La voix qui l'éveilla était jeune, autoritaire. Phil se tourna, sans se lever, vers une dame tout de blanc vêtue qui enfonçait, à dix pas de lui, ses hauts talons blancs et sa canne dans le chemin du goémon... Par politesse, Phil se leva, s'approcha, et ne rougit que quand il fut debout, en sentant son torse nu le vent rafraîchi et le regard de la dame en blanc, qui sourit et changea de ton.

– Pardon, Monsieur... je suis sûre que mon chauffeur s'est trompé. J'ai eu beau l'avertir...

Phil n'eut pas le temps de retenir un éclat de rire que la dame blanche imita complaisamment :

– J'ai dit quelque chose de drôle ? Prenez garde, je vais devoir vous tutoyer : vous paraissez douze ans, quand vous riez.

Mais elle le regardait dans les yeux, comme un homme. »355

Si le désir libidinal de Phil se réveille, Vinca, quant à elle, révèle son fort attachement pour son partenaire. Elle est jalouse de cette rencontre entre Phil et la Dame en blanc. Restant dans son monde enfantin, Vinca reste la figure de l'innocente jeune fille sentimentale.

« - Phil ! Qu'est-ce que c'est que cette dame ?

Des épaules et de tout le visage, il exprima qu'il n'en savait rien. – Tu ne la connais pas et tu lui parles ?

Phil toisa sa petite amie avec une malice qui renaissait et secouait un joug passager. Il percevait joyeusement leur âge, leur amitié déjà troublée, son propre despotisme et la dévotion hargneuse de Vinca. Ruisselante, elle montrait des genoux meurtris de saint Sébastien, parfaits sous leur épiderme balafré ; des mains d'aide-jardinier ou de mousse ; un mouchoir verdi la cravatait et son blouson sentait la moule crue. Son vieux béret poilu ne luttait plus avec le bleu de ses yeux et, sauf ces yeux anxieux, jaloux, éloquents, elle ressemblait à un collégien déguisé pour une charade. »356

Cet excès de jalousie rejoint l'exacerbation de leurs sentiments : Vinca et Phil subissent les mouvements de leurs émotions.

« Phil s'assit d'un coup de reins, prêt à répondre à l'ironie... Honteux de tant de douceur, il se tut, et elle leva sur lui des yeux étonnés, car elle n'attendait point de mansuétude. Lui-même crut à une trêve passagère de susceptibilité et s'apprêta aux reproches, aux sarcasmes enfantins, à ce qu'il appelait l'« humeur lévrière » de sa petite compagne.
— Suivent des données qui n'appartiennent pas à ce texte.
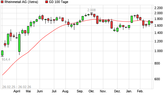 Mit dem Rücksetzer auf 1.687,50 EUR hat die Rheinmetall-Aktie am 25.02.2026 die 100-Tage-Linie nach unten gekreuzt.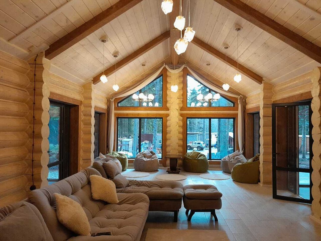 Просторный эко-дом с двумя спальнями с двуспальными кроватями и двухместными раскладными диванами, спальней с двуспальной кроватью, грандиозной гостиной с двухместным раскладными диваном и двумя раскладными креслами, лаунж-зоной с качелями и двумя раскладными креслами, полноценной кухней, открытыми террасами и беседкой.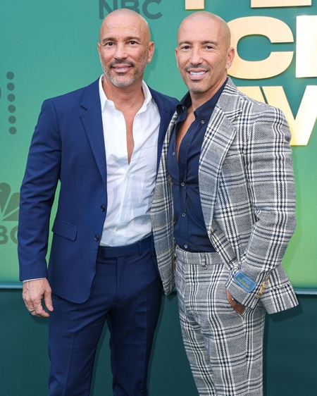 SANTA MONICA, LOS ANGELES, CALIFORNIA, USA - FEBRUARY 18: Brett Oppenheim and brother Jason Oppenheim arrive at the 49th Annual People's Choice Awards 2024 held at The Barker Hangar on February 18, 2024 in Santa Monica, Los Angeles, California, United States., Credit:Xavier Collin / Avalon

Mais elle sourit mélancoliquement, d'un sourire errant qui s'adressait à la mer calme, au ciel où le vent haut dessinait des fougères de nuages. »357

355 Le Blé en Herbe, Colette, Flammarion, Paris, 2015, p53 356 Ibid. p55

Vinca se montre parfois modérée, impassible, n'existant que par les mots, la tonalité, le jeu du langage ironique et le bon mot alors que Phil se dépense dans de grands gestes, se rapprochant de l'éloquence, de la gravité et de l'agressivité. Même si Vinca donne l'image d'une enfant, Phil dévoile pleinement sa crise adolescente, se plonge ouvertement dans ses profondeurs existentielles et ses contrariétés agitées de jeune homme en rupture. Mais les rôles peuvent s'inverser lors de crises de jalousie et de fortes vibrations amoureuses.